Back in 1950, an "average" (median income) family sending their child to Duke University would have paid an amount equivalent to 15% of their income for the privilege. Thirty years later, the median family would have paid about 20% of their income to send a child to Duke. Tuition rose quite a bit over this time period (from $500 to $4,230), but median income almost kept up.
After 1980, Duke's tuition pulled far ahead of the average family's income. Today, Duke's tuition equates to 63% of the median family's income.
Of course, a student from a family with "median" income can expect to receive significant amounts of financial aid, most of it in the form of grants rather than loans, from Duke should they attend. The rapid escalation of tuition thus represents a fundamental shift in pricing policy. Back in 1950, universities basically charged one price to all students and expected them to pay it. Today, universities assess prices according to a sliding scale. In economic parlance, they are price discriminators. Tuition is no longer set at a level that most families can afford; rather it reflects what the wealthiest students can pay.
The turning point in the evolution of tuition, around 1980, coincides with a turning point in the income distribution. Around that time, the income of families in the top 0.1% (one-in-a-thousandth) of the distribution began to soar. Thus, while tuition as a share of the average family's income has tripled in thirty years, as a share of income for families at the 99.9th percentile, it has barely budged.
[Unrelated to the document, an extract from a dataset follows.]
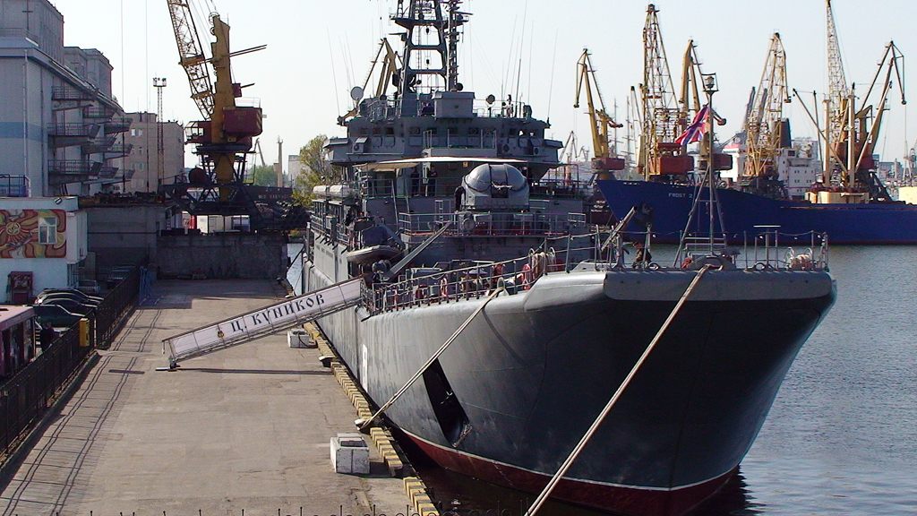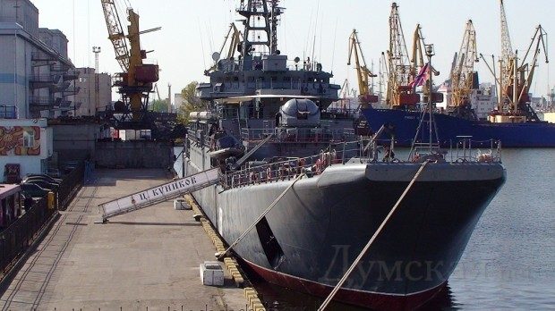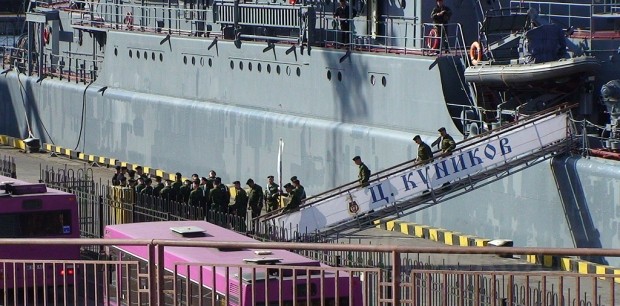 Сегодня утром в одесский морской порт зашёл военный корабль Российской Федерации «Цезарь Куников», на борту которого находтся российские морские пехотинцы. В День Победы, 9 мая, они примут участие в военном параде на Куликовом поле.

Because of financial aid, one might be tempted to dismiss the escalation of tuition costs. Financial aid keeps college affordable for average families, while price discrimination permits the university to extract plenty of cash from those who can afford it. There are three reasons to be worried about tuition, though.
- Sticker shock. Those of us in the know recognize that tuition is not relevant for low-income families, who can expect generous aid almost anywhere they go. But the low-income families themselves might not. Tuition is highly publicized; the magnitude of financial aid packages less so. Moreover, the gateway to financial aid is the FAFSA, a daunting form in dire need of streamlining.
- Families caught in the middle. At a place like Duke, eligibility for need-based financial aid runs out at family income levels around $200,000 -- somewhere above the 95th percentile of the national income distribution. In today's economy, it may be difficult to shed a tear for families at the 97th percentile, but their experience has been very different from those at the 99.9% level. Incomes for these types of professional-but-not-executive families have not changed much over the past 30 years, adjusting for inflation, while inflation-adjusted tuition has quadrupled. At Duke, about half of all undergraduates receive no financial aid -- implying that a large proportion of them are drawn from this slice of the income distribution. This may not be so worrisome for society as a whole, but elite universities really need to think carefully about putting the squeeze on such a critical segment of their customer base.
- Public perceptions. Universities and their faculty are often derided as being out-of-touch with broader society. The tailoring of tuition prices to elite income levels, the use of tuition revenue to fund country club-level amenities for undergraduates, and the corresponding under-representation of students from lower-income families on campus, do not help this image problem.
Can tuition keep rising? The easy answer is yes, so long as there are a sufficient number of families willing to pay it. Elite private universities benefit from the perception that they offer a higher-quality education than other alternatives. I like to think that this perception in fact reflects reality, but for our business model to survive it is the perception that matters. Nearly four years after the dawn of the "great recession" there is no signal that demand for a Duke education has waned.
One could advocate for deep cuts in tuition, to return back to the good old days of 1950-1980. That would require places like Duke to cut their tuition by more than half. Universities pursuing that type of strategy might receive great PR, but in reality such a maneuver would do very little to help lower-income families. Financial aid will always be the most important method of helping those families. A tuition cut would bestow benefits primarily on those families paying full price -- at the 95th percentile of the income distribution and up.
Tuition cuts -- or even just a stall in the rate of tuition increase -- are thus not justified by either market conditions or equity considerations. The escalation of tuition is based on a foundation of perceptions, however, and perceptions can change quite rapidly.